Abstract
In this study, degradation of Basic Violet 16 (BV16) by ultraviolet radiation (UV), ultrasonic irradiation (US), UV/H2O2 and US/H2O2 processes was investigated in a laboratory-scale batch photoreactor equipped with a 55W immersed-type low-pressure mercury vapor lamp and a sonoreactor with high frequency (130kHz) plate type transducer at 100W of acoustic power. The effects of initial dye concentration, concentration of H2O2 and solution pH and presence of Na2SO4 was studied on the sonochemical and photochemical destruction of BV16 in aqueous phase. The results indicated that in the UV/H2O2 and US/H2O2 systems, a sufficient amount of H2O2 was necessary, but a very high H2O2 concentration would inhibit the reaction rate. The optimum H2O2 concentration was achieved in the range of 17 mmol/L at dye concentration of 30 mg/L. A degradation of 99% was obtained with UV/H2O2 within 8 minutes while decolorization efficiency by using UV (23%), US (<6%) and US/H2O2(<15%) processes were negligible for this kind of dye. Pseudo-first order kinetics with respect to dyestuffs concentrations was found to fit all the experimental data.
Keywords: Basic violet 16, Decolorization, Hydroxyl radical, US/H2O2, UV/H2O2
Introduction
Due to incomplete fixation of dyes on fibers during the coloring and washing steps, it is estimated that 1-15% of dyestuffs used in textile industries end up in wastewaters [1]. Dye pollutants are generally resistant to biological degradation and cannot be thoroughly processed in wastewater treatment plants [2]. Ultimate accumulation of these molecules in human, through marine life, may pose long-term problems [3-5]). There are many different classes of dyes, such as azo, Reactive, metal complex, azo metal complex and cationic and anionic dyes [6]. Basic Violet 16 (BV 16) is a cationic dye, highly water soluble and nonvolatile. It is widely used in textile, leather industries, in preparing carbon paper, bull pen, stamp pad inks and paints, and is also a well-known water tracer fluorescent [7]. BV 16 directly harms skin, eyes, and gastrointestinal respiratory tract. It also provokes phototoxic and photo allergic reactions [8]. Its carcinogenicity, reproductive and developmental toxicity, neurotoxicity and chronic toxicity towards humans and animals have also been experimentally proven [9].
Many physical and chemical methods, such as adsorption, coagulation, floatation, solvent extraction and hyperfiltration have been applied to remove dyes [10,11]. However, these methods merely transfer the pollutant from one media to another.
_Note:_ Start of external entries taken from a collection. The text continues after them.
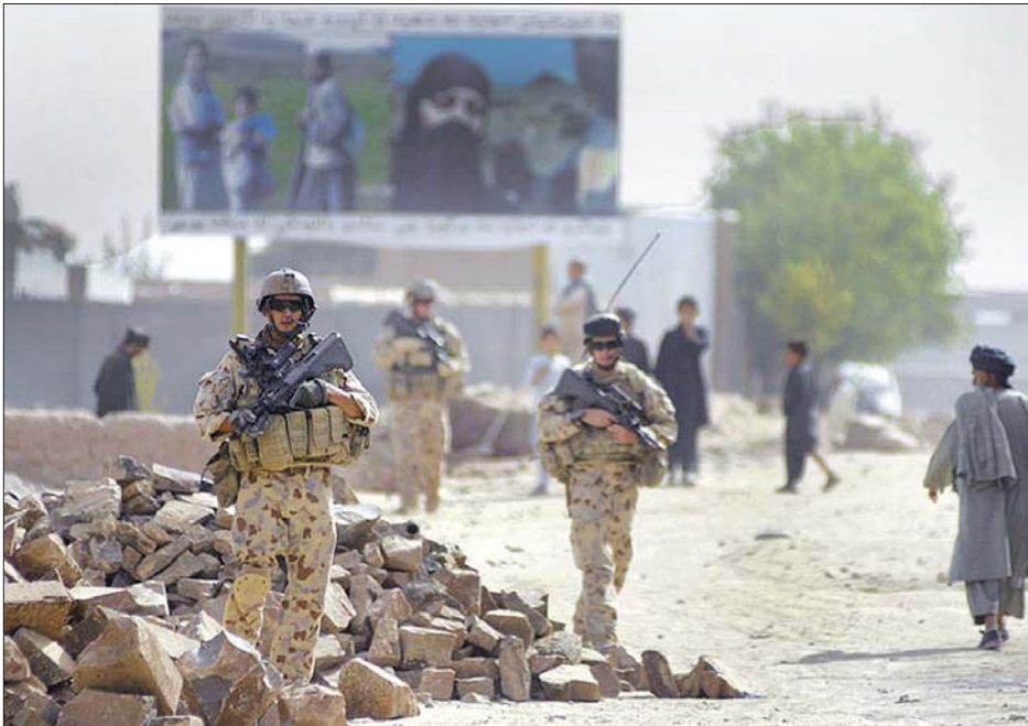
၂၀၀၈ ခုနှစ်က အာဖဂန်ရှိ စစ်စခန်းတစ်ခုတွင် ဩစတြေးလျတပ်ဖွဲ့ဝင်အချို့ကို တွေ့ရစဉ်။

အကျဉ်းသား ၃၉ ဦးထက်မနည်းကို ဥပဒေမဲ့သတ်ဖြတ်ခဲ့သည့် သက်သေအထောက်အထားများ တွေ့ခဲ့ကြောင်း နိုဝင်ဘာ ၁၉ ရက်တွင် ထုတ်ဖော်ပြောကြားလိုက်ပြီး
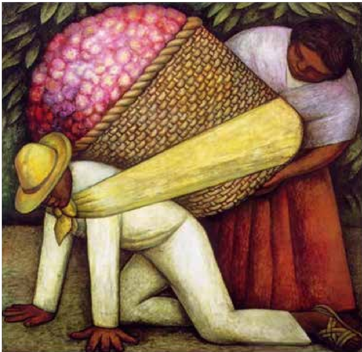
Obra: El Cargador de Flores (1935) Autor: Diego Rivera Estilo: realismo mexicano Técnica: pintura al aceite Ubicación Museo Nacional de Arte, INBA
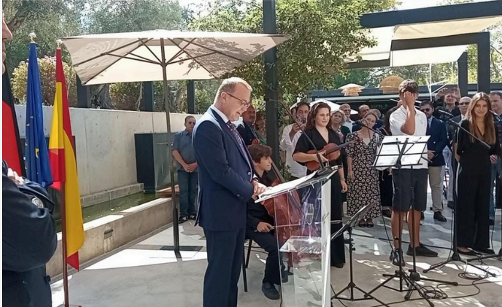
TAG DER DEUTSCHE EINHEIT DÍA DE LA UNIDAD ALEMANA
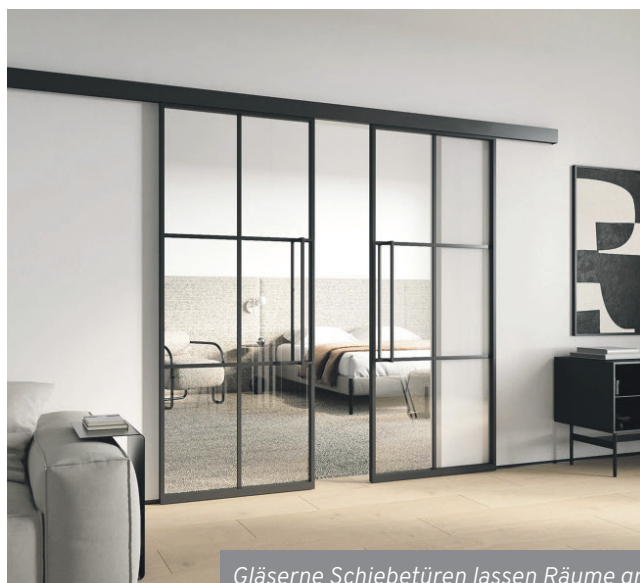
Gläserne Schiebetüren lassen Räume größer wirken und schaffen ein großzügiges Ambiente.
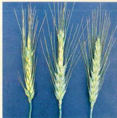
Efecto de la sequía en la espiga. Se puede observar la ausencia de espiguillas en la parte superior de la espiga

Producto de la sequía, se observó aborto floral, el que se manifestó en la muerte del tercio superior de la espiga, según se observa en la foto 3.
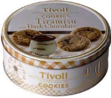
GALLETAS DULCES TIVOLI - TIRAMISU COOKIES (VAINILLA Y CAFÉ) X 150 GR
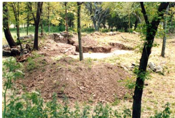
Fig. 9 Sector central de la iglesia saqueado en 1998 por los propietarios.

Alternate technologies popularly known as Advanced Oxidation Processes (AOPs) have been extensively explored for complete demineralization of these compounds for the past few decades. AOPs are characterized by production of OH (hydroxyl) radical as primary oxidant. The OH radicals are extremely reactive species and powerful oxidizing agent [12-14].
Application of Ultraviolet irradiation (UV), as an AOP, to the decolorization of organic compounds is intrinsically interesting: most organic compounds might transform, and even undergo complete destruction in the presence of UV irradiation [15,16]. Another interesting aspect of photolysis is the possibility of application of photocatalysts, such as TiO2, which greatly enhances the rate of oxidation of dyes by UV [17-19].
Sonication is a relatively novel AOP based on applying low to medium frequency (typically in the range 20–1000 kHz) and high energy ultrasound to catalyze the destruction of organic pollutants in waters [20]. Sonochemical treatment typically operates at ambient conditions and does not require the addition of extra chemicals or catalysts [21,22]. Acoustic cavitation, that is, formation, growth, and collapse of bubbles in liquid is the basis of sonication. There are several theories explaining the mechanisms of sonication induced chemical reactions. One popular theory, the hot spot approach, states that each bubble acts as a localized micro reactor with three regions: (1) a hot gaseous nucleus with temperatures up to several thousand degrees and pressures in excess of one thousand atmospheres, (2) an interfacial region, and (3) the bulk solution [23]. Two main reaction mechanisms are proposed: (i) oxidation by OH radicals at all reaction sites, and (ii) thermolysis inside cavitation bubbles and at the bubble surface.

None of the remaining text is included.